Un año del escándalo de Marius Borg: la herida abierta que sigue sangrando en la monarquía noruega

Mientras esperan a la celebración del juicio, que se prevé para finales de 2025, la percepción de los ciudadanos sobre la Corona noruega ha empeorado

Foto: Marius Borg junto a su padrastro, el príncipe Haakon de Noruega. (Cordon Press)
Marius Borg junto a su padrastro, el príncipe Haakon de Noruega. (Cordon Press)

Hace ahora doce meses que los titulares se encendieron: Marius Borg, hijo de la princesa Mette‑Marit, fue detenido en Oslo tras un altercado con su entonces pareja. Lo que parecía un episodio puntual se ha convertido en uno de los mayores escándalos judiciales que ha salpicado a una familia real europea en los últimos años. Desde aquel 4 de agosto de 2024, el caso no ha hecho más que crecer. A día de hoy, Marius está imputado por 23 delitos, entre ellos tres presuntas violaciones, agresión física, amenazas, daño corporal y quebrantamiento de órdenes de alejamiento.

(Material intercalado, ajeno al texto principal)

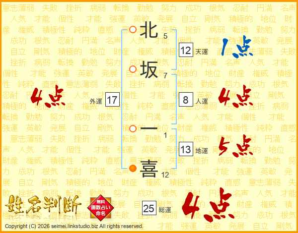 生活面を象徴する運勢です。外部から受ける影響力を表し、結婚運、家庭運や職場、環境への順応性を表します。総運から人運を引いた画数。姓や名が1文字の場合を除く。
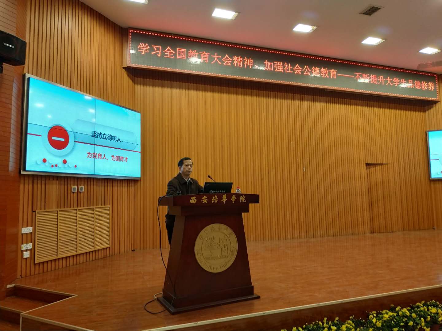 会上,西安理工大学马克思主义学院院长、教授、博士生导师鲁宽民围绕“坚持立德树人,筑牢新时代高校思想政治工作生命线”做主题讲座。
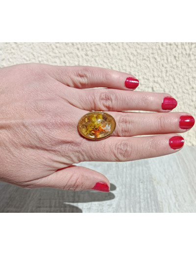 Bague résine ovale doré fleurs jaunes/orange #7
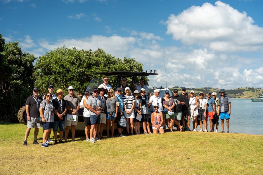 The official welcome began mid-afternoon at Man O’ War Winery. Owners and guests – more than 70 in total – gathered for a relaxed briefing before moving into a curated wine tasting experience. Set among the vines and overlooking the bay, it was the perfect introduction to the weekend: informal, social, and distinctly New Zealand.
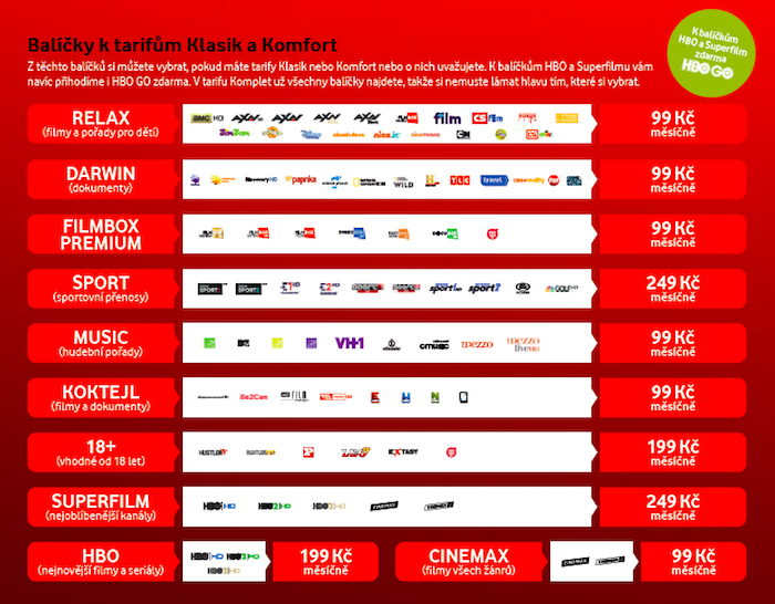 Od 24. března Vodafone navíc spustí automaticky a zdarma rozšířenou televizní nabídku, obsahující dětské stanice, jako je NickToons, Nick Jr., Nickelodeon, Minimax, JimJam, Disney Channel, Duck TV nebo Cartoon Network. Pro dospělé čekají dokumenty a sportovní programy včetně prémiových kanálů Filmbox. Rozšířená nabídka zdarma bude platit do 14. dubna.
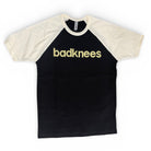 Gold badknees print on a unisex black tee with short white sleeves. 100% cotton.

El hijo mayor de Mette-Marit -que nunca ha ostentado título nobiliario ni funciones oficiales, pero sí ha sido presentado públicamente como parte de la familia real- ha sido interrogado hasta en 14 ocasiones por la policía. Ha reconocido algunos episodios de violencia verbal y amenazas, pero niega los cargos más graves. También, en los últimos días, ha trascendido que se le ha retirado el uso del pasaporte diplomático que utilizaba. El Ministerio de Asuntos Exteriores anunció que esos documentos solo serían válidos para miembros activos de la Casa Real.

placeholder Marius Borg, hijo de Mette-Marit, en una imagen de archivo. (Gtres)
Marius Borg, hijo de Mette-Marit, en una imagen de archivo. (Gtres)

Esta decisión, aunque en un principio, pasó casi desapercibida, sí marcó un cambio claro de la postura institucional. Durante los primeros meses, tanto el príncipe Haakon como Mette-Marit de Noruega optaron por el silencio. Una de las pocas veces que la princesa se pronunció fue con motivo del inicio del 2025. En una entrevista en una cadena pública noruega, aseguró que "ha sido duro, no hay nada más que decir". Por su parte, Harald de Noruega deslizó: "Claro que es difícil que alguien a quien amamos se haya topado con esto aquí. Pero ahora debemos permitir que el sistema judicial funcione como debería. Así que no podemos entrar en el asunto como tal".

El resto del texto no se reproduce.